Oscar Peterson is regarded as one of the best jazz pianists in history. ‘Trio-ed’ up with Herb Ellis (Guitar) and Ray Brown (Double Bass), “the most stimulating” of trios, according to O.P himself, induces a higher level of musicianship and creativity, things necessary for good jazz, and indeed, good music. Three extremely accomplished musicians collaborating in such a way rarely happens nowadays, if at all, which makes me sad I was not born in the 50’s. Luckily, however, many recordings of their musical magic are available today, notably the collection entitled ‘Tenderly’. A live concert at the Orpheum Theatre in Vancouver in 1958, Tenderly features rarities of O.P’s repertoire.
The concert takes us on a journey through slow ballads and up-tempo bluesy tunes. ‘Alone Together’, the first track of the record, has a mysterious, dark feel to it initially, but as the musicians begin to open up, the three instruments combine to make a uniform sound – unique to the Oscar Peterson Trio. In the trio’s rendition of Richard Roger’s ‘My Funny Valentine’, O.P’s background in classical piano reveals itself and Bassist Ray Brown provides effortless sounding solos. Herb Ellis’ musical genius shines in his solo composition ‘Patricia’, a slow, meticulous, thought-provoking guitar ballad – in my opinion, a timeless piece of music.

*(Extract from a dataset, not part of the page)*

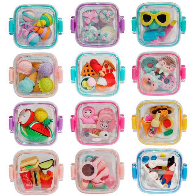 Kit Borrachas Formato de Comidas e Objetos c/ Pote com Travas Qihao

Tenderly is a mainstream jazz masterpiece and would definitely make a great gift for anyone even vaguely into music. The recent remastered version makes clearer the complicated nature of Oscar Peterson’s Jazz, making it take numerous listens to hear it fully. The record contains 10 individual songs, totalling in 60 minutes of playing time and is available for purchase for under £10.